Supplied entries -

┄┄┄┄┄┄

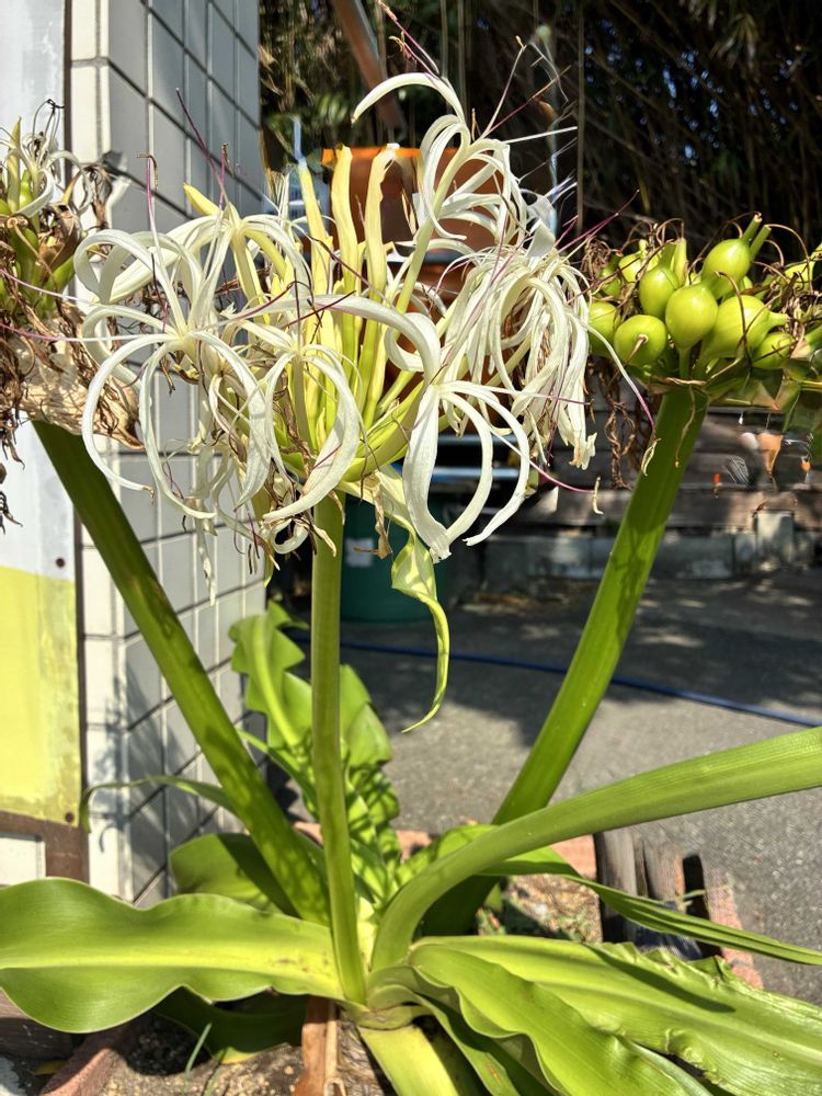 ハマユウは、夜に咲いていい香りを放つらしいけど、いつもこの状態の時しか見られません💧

┄┄┄┄┄┄

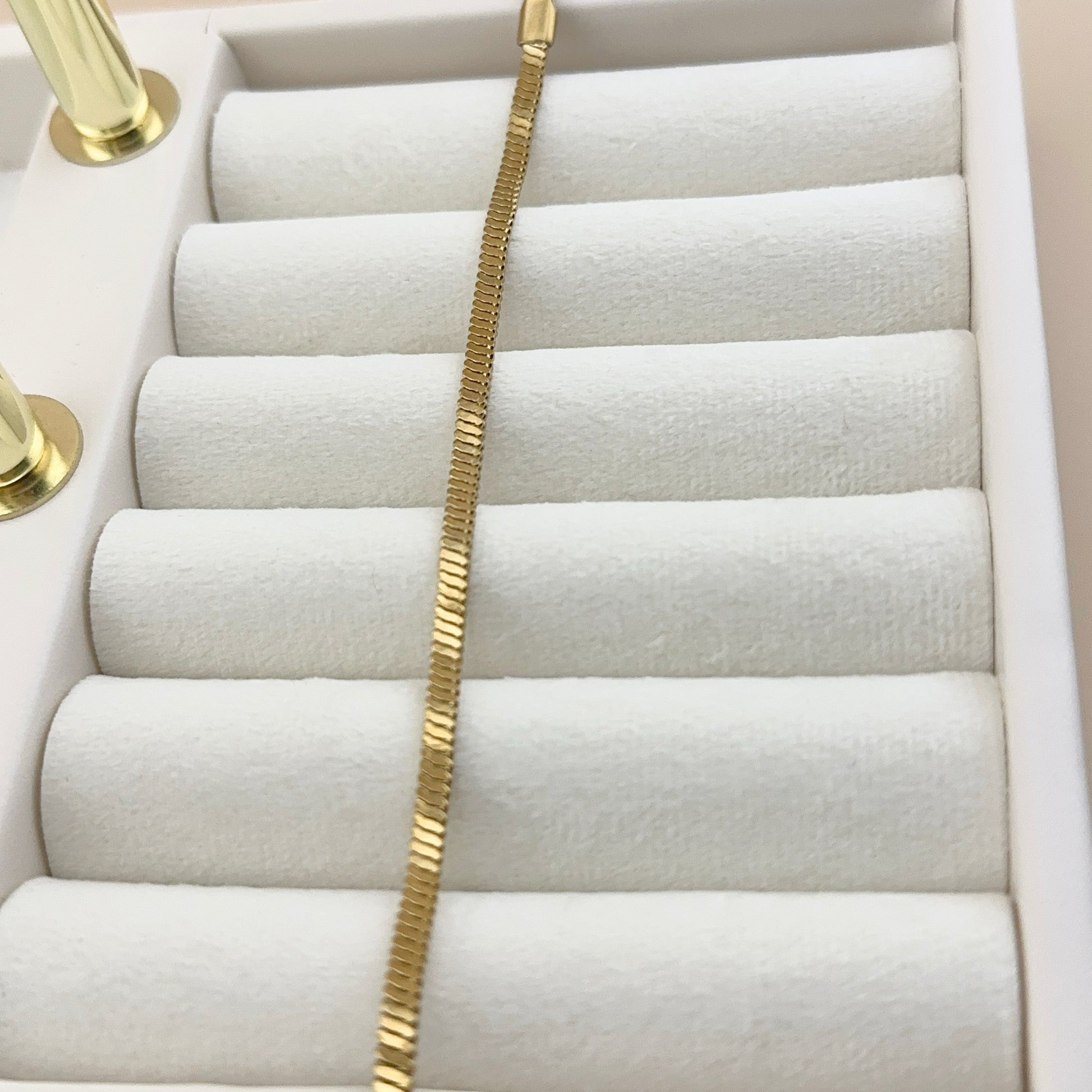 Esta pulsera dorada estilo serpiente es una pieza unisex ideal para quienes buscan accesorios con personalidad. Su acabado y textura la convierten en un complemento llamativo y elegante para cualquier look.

┄┄┄┄┄┄

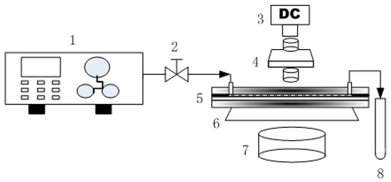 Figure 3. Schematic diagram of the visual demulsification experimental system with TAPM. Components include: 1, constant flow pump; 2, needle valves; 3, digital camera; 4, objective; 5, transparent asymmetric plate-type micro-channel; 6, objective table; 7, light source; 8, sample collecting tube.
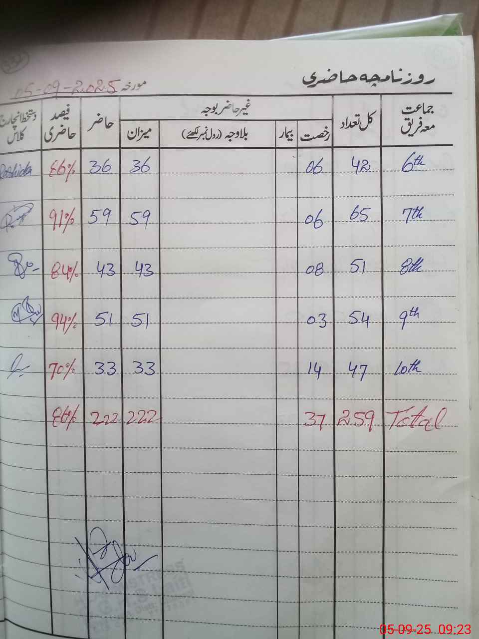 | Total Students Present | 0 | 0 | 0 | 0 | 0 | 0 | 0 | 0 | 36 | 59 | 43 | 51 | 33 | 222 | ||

┄┄┄┄┄┄

Go to the line above that has "Figure 3. Schematic" and copy exactly from there down to the line that has "33 | 222 | ||", both included. Leave the pictures out.

Solution to the exercise -
 Figure 3. Schematic diagram of the visual demulsification experimental system with TAPM. Components include: 1, constant flow pump; 2, needle valves; 3, digital camera; 4, objective; 5, transparent asymmetric plate-type micro-channel; 6, objective table; 7, light source; 8, sample collecting tube.
 | Total Students Present | 0 | 0 | 0 | 0 | 0 | 0 | 0 | 0 | 36 | 59 | 43 | 51 | 33 | 222 | ||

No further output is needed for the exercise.